I have think the rule (y''/y)<0...

thanks...
johnk.

I think you problem is incorrectly stated.

Your problem is in the form y'' = f(y) and has no dependence on x. Therefore no x is special in the general solution.

Your one-trick pony is here. Can we solve it using our new trick for y'' =f(y) ?

(d^2y/dx^2) = d/dy [(1/2)(dx/dy)^-2] = y^2 - e^y

(dx/dy)^-2 = 2 ∫ y^2 - e^y dy = (2/3) y^3 - 2 e^y + A

± (dx/dy) = 1/sqrt((2/3) y^3 - 2 e^y + A)

± (∫ 1 dx) = ± (x + C) = ∫ 1/sqrt((2/3) y^3 - 2 e^y + A) dy

Which is not going to happen.

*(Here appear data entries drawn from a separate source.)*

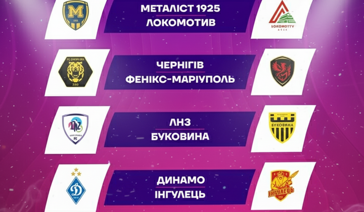 Команды разделили на 4 пары. Первой парой стали «Металлист 1925» и киевский «Локомотив». «Чернигов» сыграет против «Феникс-Мариуполь». «ЛНЗ» предстоит побороться с «Буковиной». Соперником ФК «Динамо» стал ФК «Ингулец».
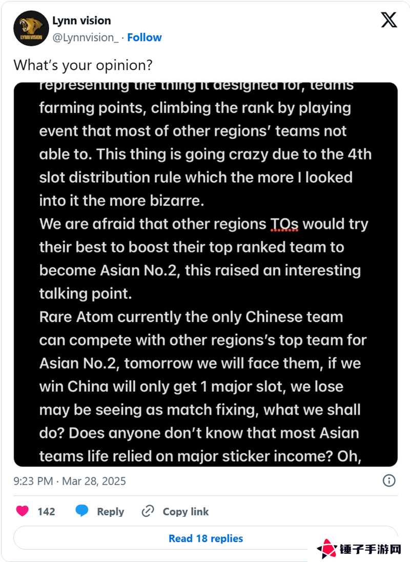 “如果我们赢了,中国就只会获得一个Major赛事名额;如果我们输了,可能会被认为是打假赛。”LVG战队在社交平台上的一条帖子中写道,随后还阐述了贴纸收入对亚洲战队的重要性。
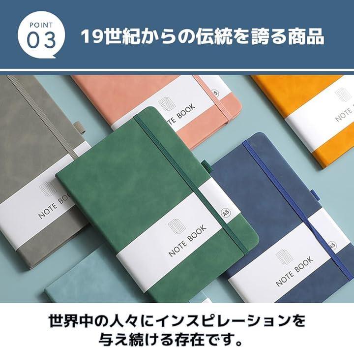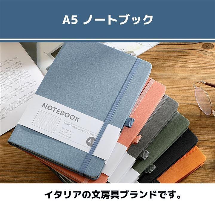 「商品詳細」サイズ:横13cmx縦21cm(梱包サイズ:21cmx13.2cmx1.4cm、重量:250g、ノートサイズ:A5、罫線の種類:横罫線、カラー:ブルー、オレンジ、ピンク、ブラック、グレー、グリーン

Time to get more descriptive.

There is a certain number p, p is the only real solution of p^2 = e^p and is about -7/10.

y = p is the only solution of y'' = y^2 - e^y = 0 so it is a fixed point when y = 0.

And for y> p, y'' < 0 and for y < p, y'' >0, and is strictly increasing in magnitude.

Thus y''/(y-p) < 0 when y is not p.

Thus p is the only possible stable asymptotic value of y. But it is not stable, and y oscillates everywhere but exactly at p.